Experiencing that process, a very personal, and yet riveting process, drew myself and my dear wife back into what we experienced, and, moreover, what we continue to experience - the visceral interaction with those we care the most about - our family that we made and sustained for so many years. In this relative world of rampant depravity and violence and generational stupidity, we were reminded what it took to protect and sustain our family unit, and what most good family mothers and fathers will predominately tell you - it was a most difficult process, and an unrelenting one at that.
The visceral remembrance of this ordeal, while watching this fine little film in the relative safety of our den, with most of our own children now embroiled in their own family unit conundrum, was "Boyhood's" communicative art. The film helped us strip away the continued pressures to get back to that place of remembrance of our nesting years, and moreover, connected us with our children again, as they struggle now to do their loving best to nurture their beginning broods.
For us, it was the 'circle of life' motif, and we felt that circle as if it was real, as if it was us, not Mason's family. For Mason's family was far different than ours, but that prescient theme, in the visual progression of Director Linklater presenting the world in 165 minutes of runtime, made Mason's family a virtual extension of our own; their struggles, their joys were almost as real as if it were us and our children. That connection is the foundation that made this film work for us, and yet, I can well understand if this film did not work for you. On some level, some folks may need to have had children first, but then again, everyone has been a child once.
And that may be an important component of this film; it was a kid film, and definitely an adult film simultaneously. It was also a well acted film, where all the actors - some for the first time - just endeavored to keep it real. There is, however, one other arguable factor to this film: It is a very successful film - critically and at the box office. While the film has received critical high praise - multiple nominations and awards - it also did well at the box office. In theatrical release this small 'indie' film made 44 million dollars, and while that does not sound like a huge sum, the film only cost 4 million to make. You do the math.

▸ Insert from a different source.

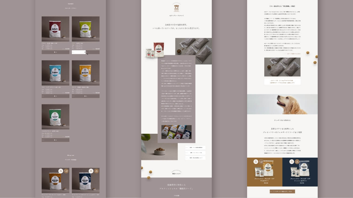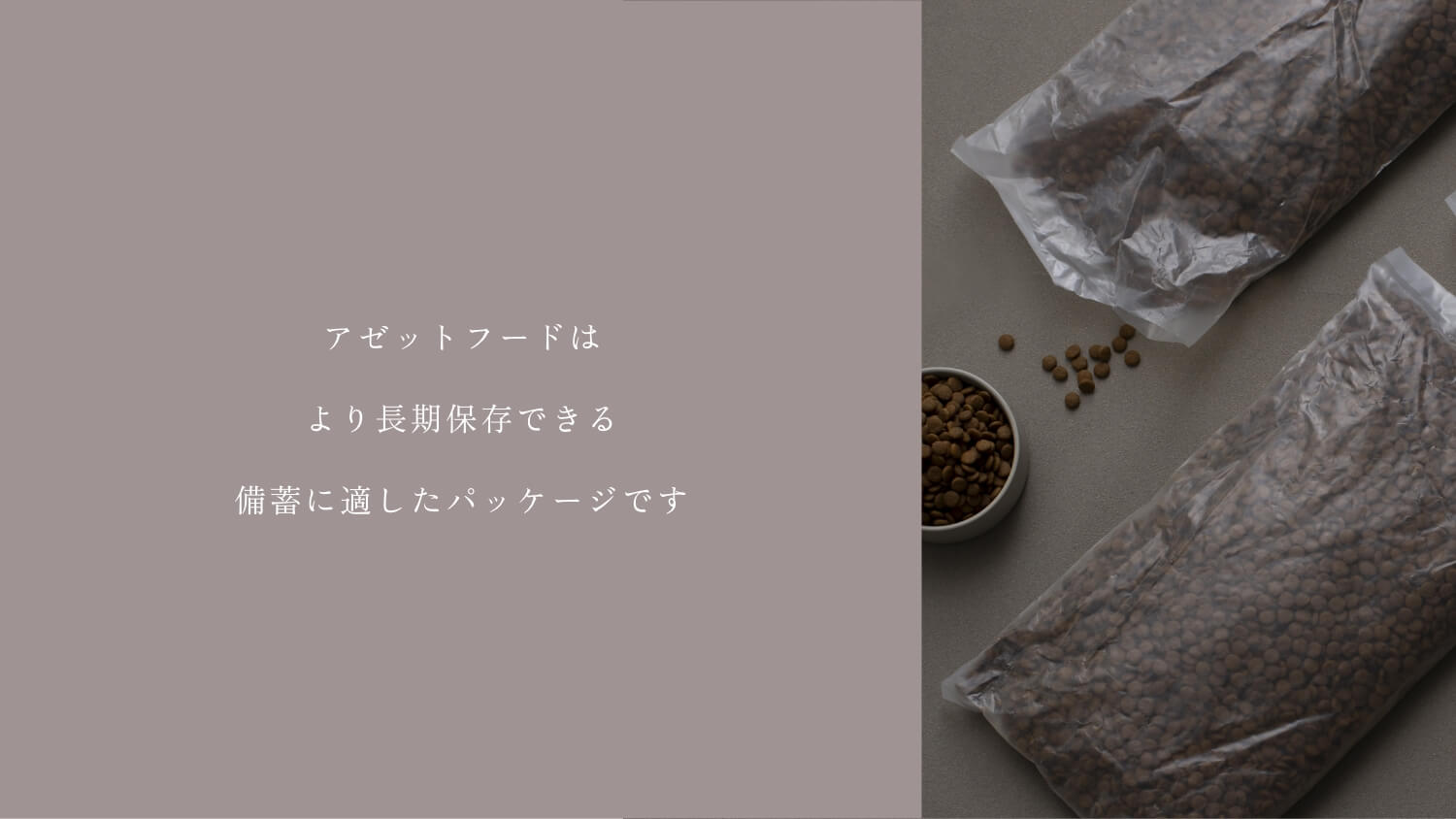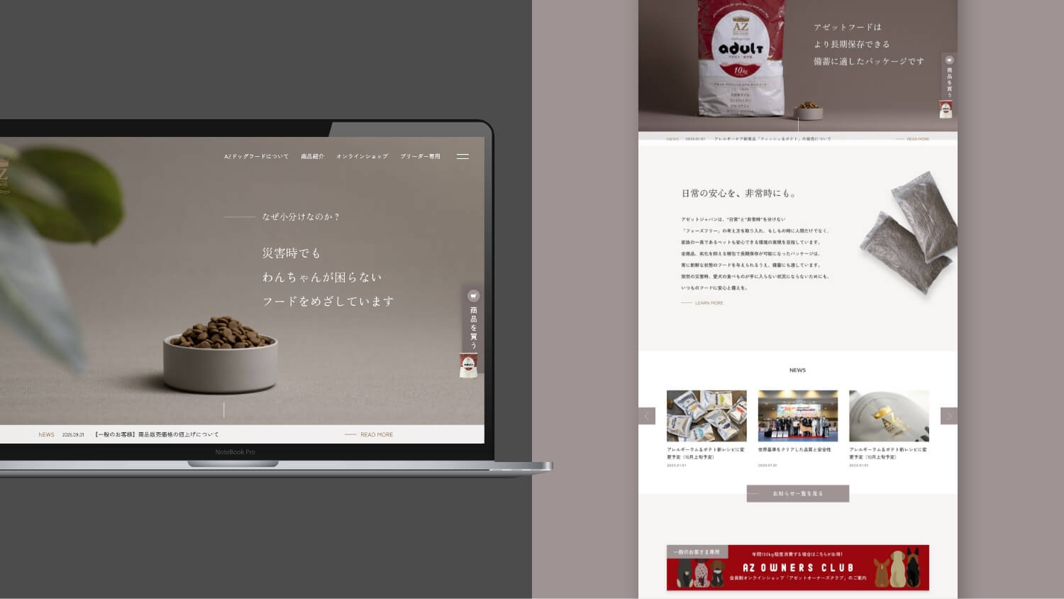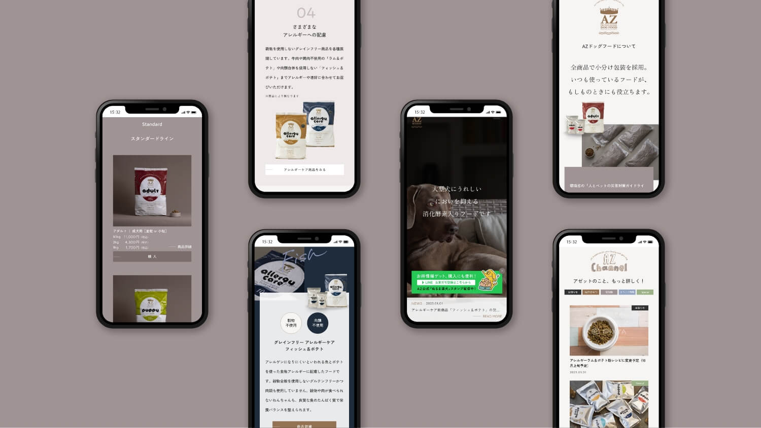 リリースから15年が経ち、公式サイトの改修を機に新たな商品の付加価値と未来に向けた方向性の再定義を行いました。これまでキーワードはドッグファーストで特有の悩みを解決する「素材」「レシピ」の追求とA~Zまでさまざまな犬種(フェーズ)に向いた「商品ラインナップ」。多少価格帯を上げてでも、アレルギーや肌、臭いの問題などにフードメーカーとして向き合ってきました。この「安心」「素材重視」の基本路線はベースに据えつつ、災害や世界情勢により人間同様に不安定となるフード不足の問題に対してのアプローチを全面に据える「フェーズフリー」というキーワードでビジュアルづくりと構成を進めました。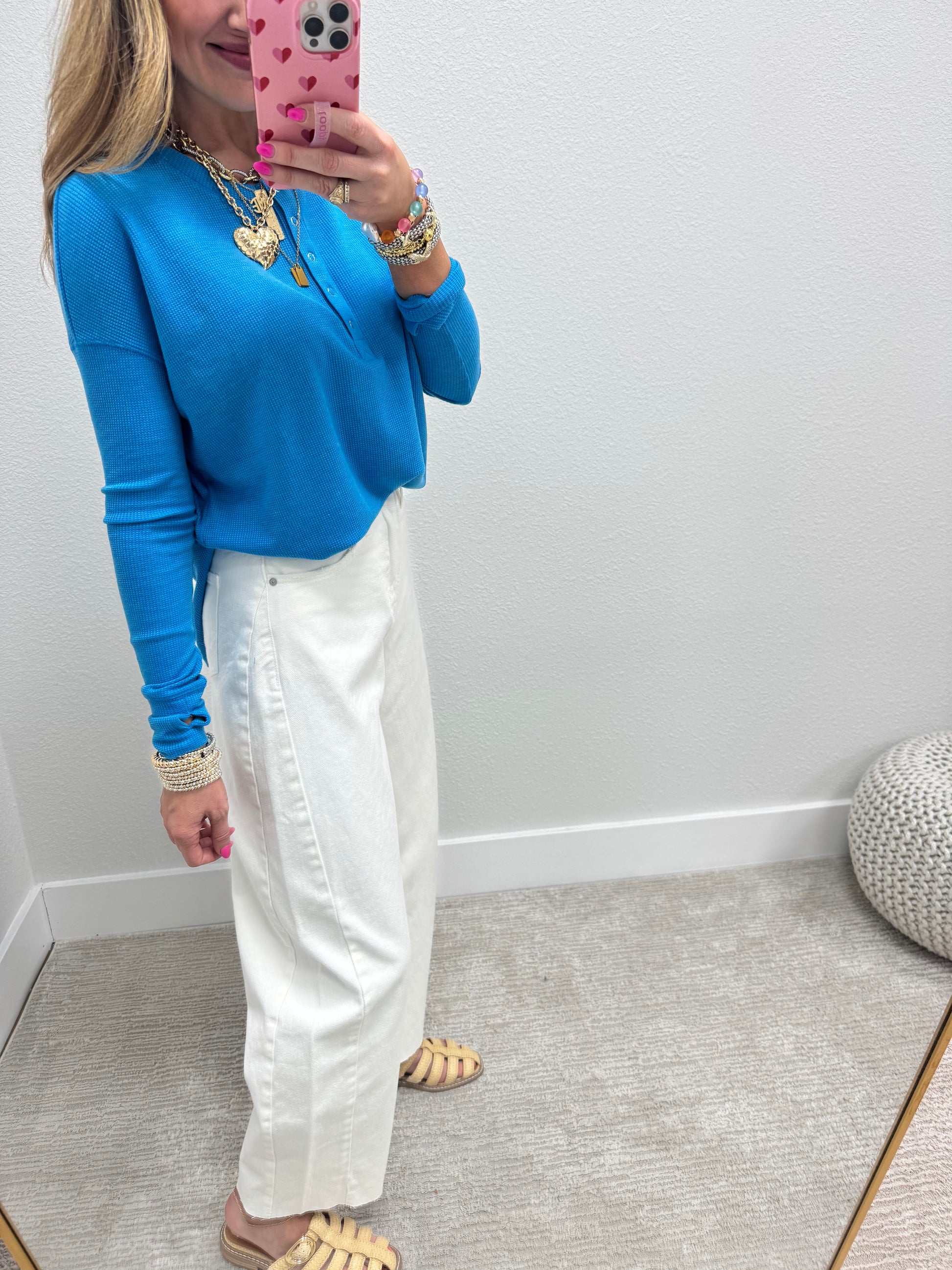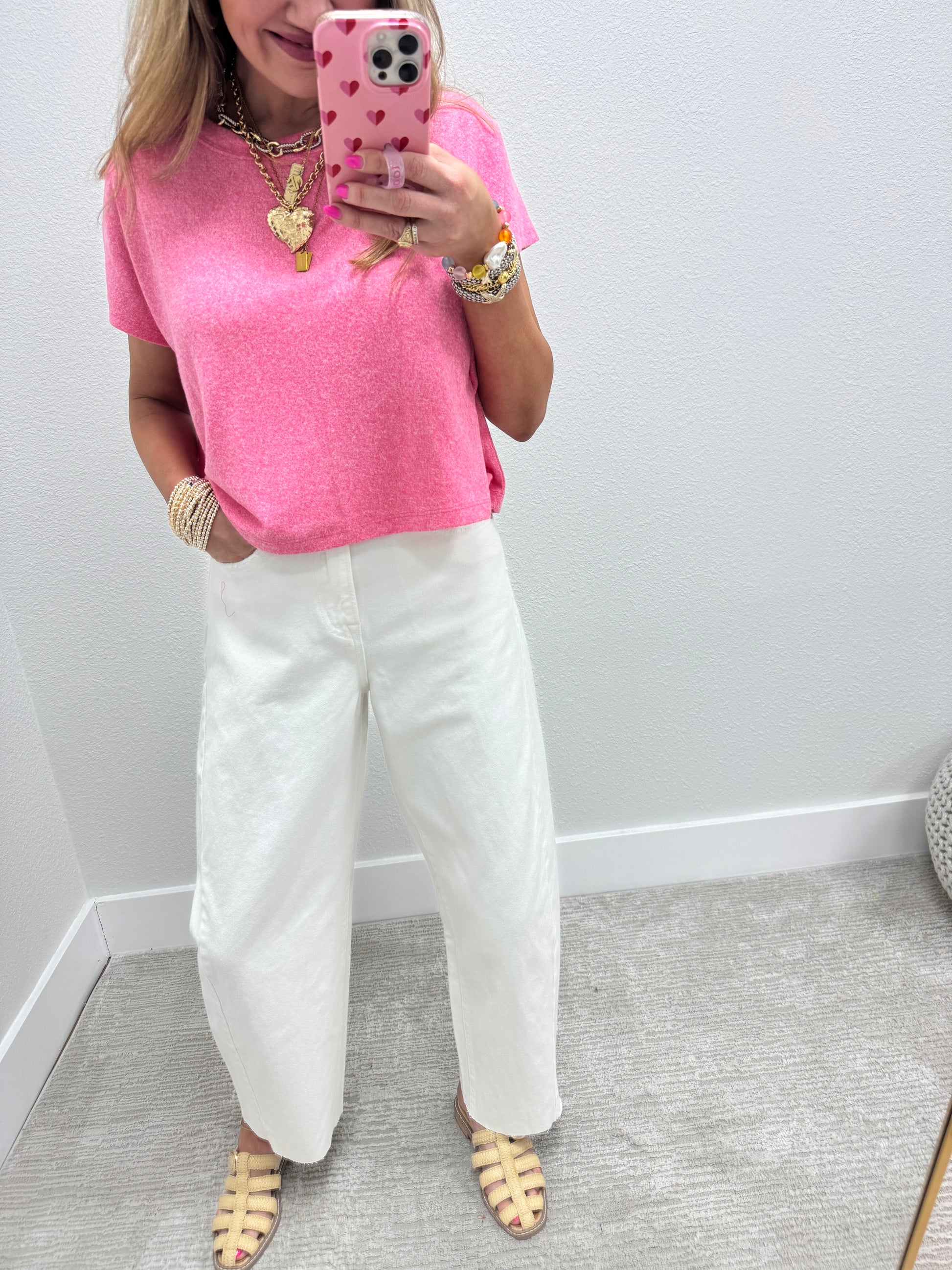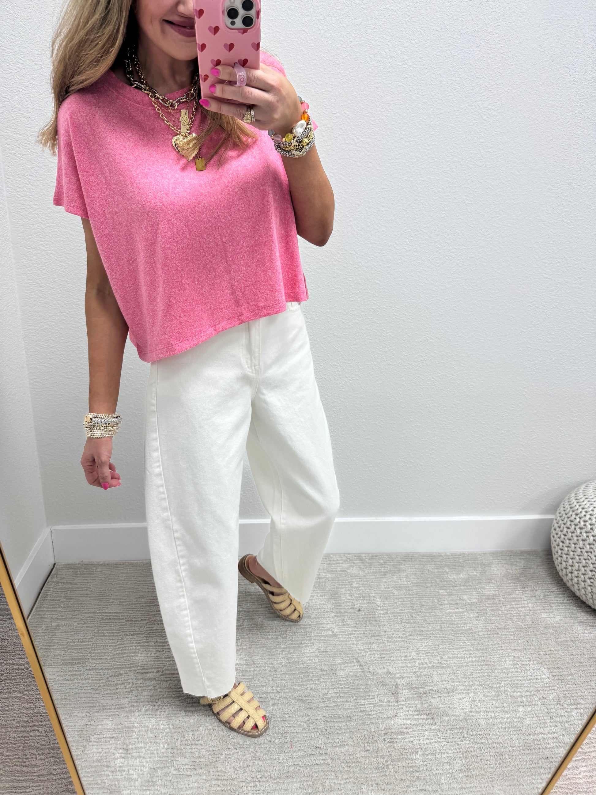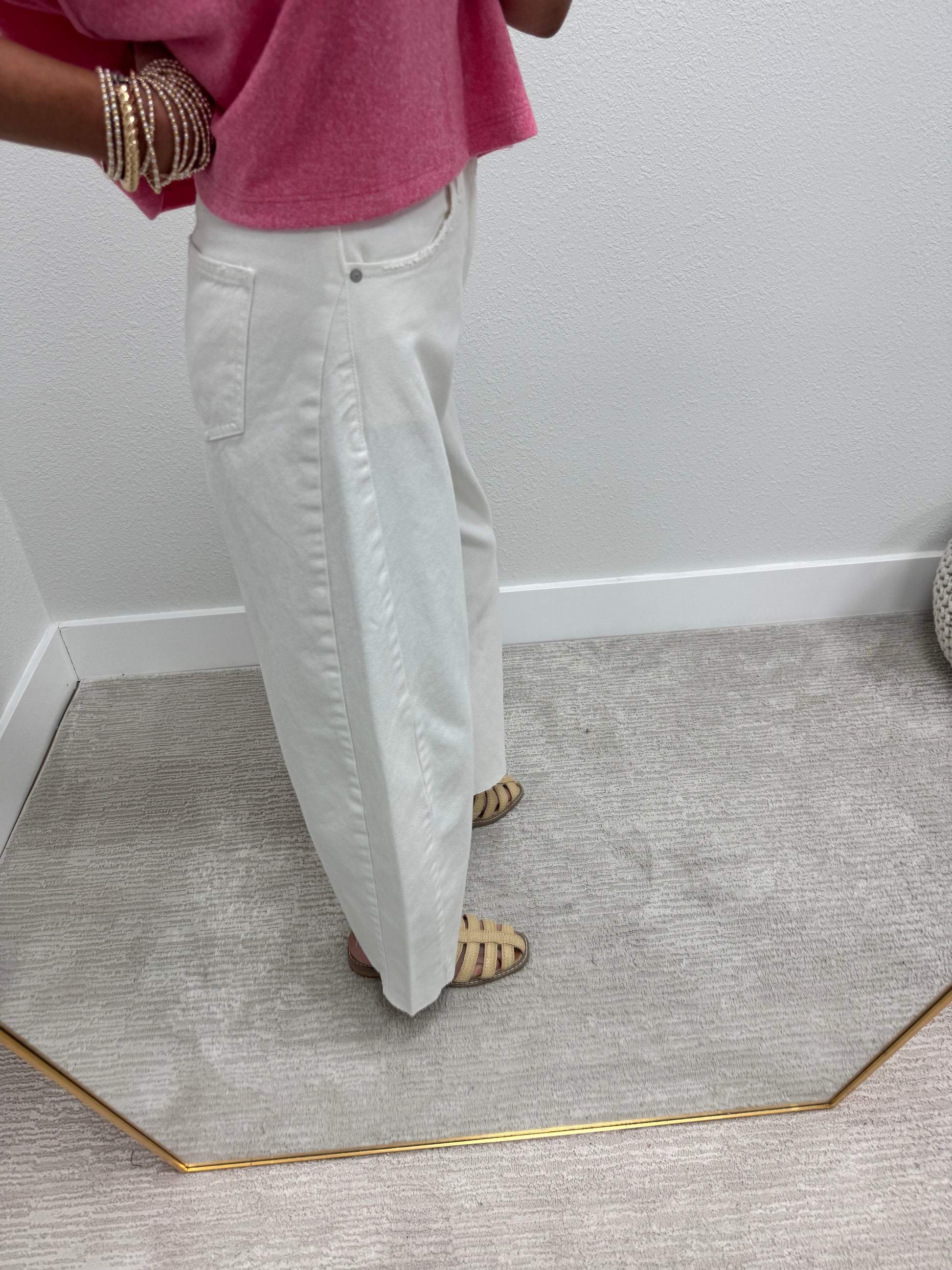 We have been anticipating these since the day we found them at market! The most amazing white barrel. They are a TTS fit with no stretch. Macy is a 24 or 25 in pants wearing the 24 here and they are fitted in the waist. She is 5’7

The movie did well. The formula of the progression of actor's ages intertwine into the fabric of the family unit was an immense success, possibly greater than anyone expected, even the participants. The greatest form of flattery, for this innovative technique, will be if multitudes of film story creators engage this gimmick in an upcoming project. Time will tell, but a small warning here, something is only original once. "Boyhood" is that original art that succeeded and regardless of its critical praise, of its many nominations and some awards, the film will be remembered.
Rated R. Released on DVD January 6, 2015.